Patients experiencing heart failure are often hospitalised for an extended amount of time after the initial episode. Routine blood samples are taken from patients to record a variety of health statistics [4]. Nonhaematological information can be gathered, such as age, gender, and smoking history. Once the data has been analysed, it will be difficult to determine if the patient’s health is stable or worsening. The goal of ML algorithms is to learn about the environment and predict future events based on the data provided by users. People with this trait are adaptable, and they can use their past experiences to inform their present-day judgments. Multiple sclerosis is just one of many diseases for which these algorithm models are used in the diagnostic process. The major purpose of this study is to develop a method for estimating the likelihood of a patient dying from heart failure. Multiple machine learning (ML) models, such as logistic regression, support vector machine (SVM), random forest, and naïve Bayes, are used in today’s data analysis [5, 6].

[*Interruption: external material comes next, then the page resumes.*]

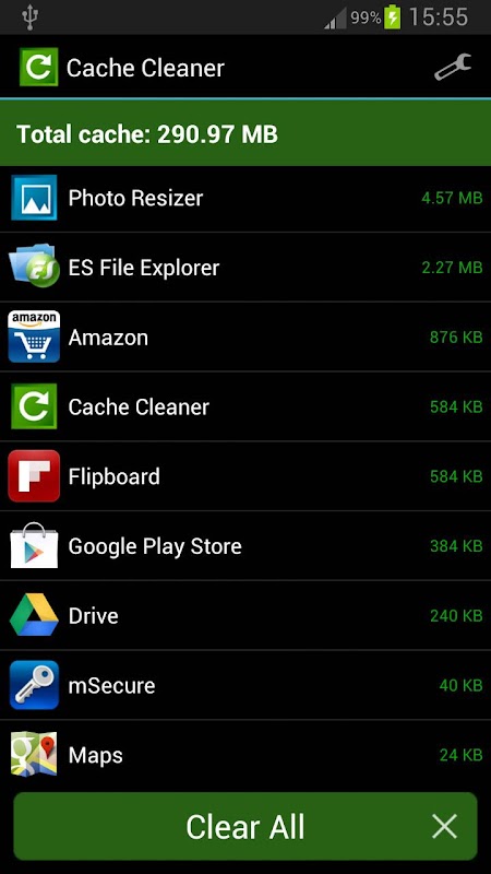 Cache Cleaner giúp bạn xóa các tập tin lưu trữ ứng dụng. Ứng dụng này có thể giải phóng không gian hơn, giúp bất cứ ai có vấn đề về quản lý bộ nhớ và được lưu trữ sẵn nhiều trở lại.

Atherosclerosis is the leading cause of cardiac arrest. It goes by a number of names, including hypertension and cardiovascular illness. Nearly 26 million people around the world suffer from cardiovascular disease [7]. This asymmetry makes it hard for the analyst to make accurate predictions about the outcome and the likelihood of survival [6]. Survival rates are also affected by a variety of sociodemographic characteristics, including gender, smoking status, the presence of chronic health conditions, and high blood pressure. Because survival rates for people with heart disease are so variable, it is hard to make accurate prognostic predictions for them [8].

If researchers do not find solutions to the problems we have outlined, we should expect to see this ratio climb in the next years. A healthy lifestyle and a strict diet are not the only things that need to be done to save lives. Patients with heart failure who are diagnosed using their medical records have had their prognoses improved with the application of machine learning techniques.

The goals of this study are as follows: (a)To collect patient-specific medical and demographic data, including but not limited to age, gender, smoking status, blood pressure, body mass index (BMI), and anaemia(b)Outliers on the datasets have been addressed as part of the data cleaning and preparation procedure(c)Linear, ensemble, and boosting-based machine learning algorithms are utilised to diagnose cardiac illness in its earliest stages(d)To compare the proposed approach to other machine learning methods like linear modes and ensemble model learning

Heart failure is an area where machine learning models and analysis [9, 10] can be found. Heart failure occurs when the heart becomes too weak to adequately pump blood throughout the body. For many people, this is their ultimate fate. About 2% of people in affluent countries suffer from heart failure, and that number rises to 6%-10% among those aged 65 and up [6].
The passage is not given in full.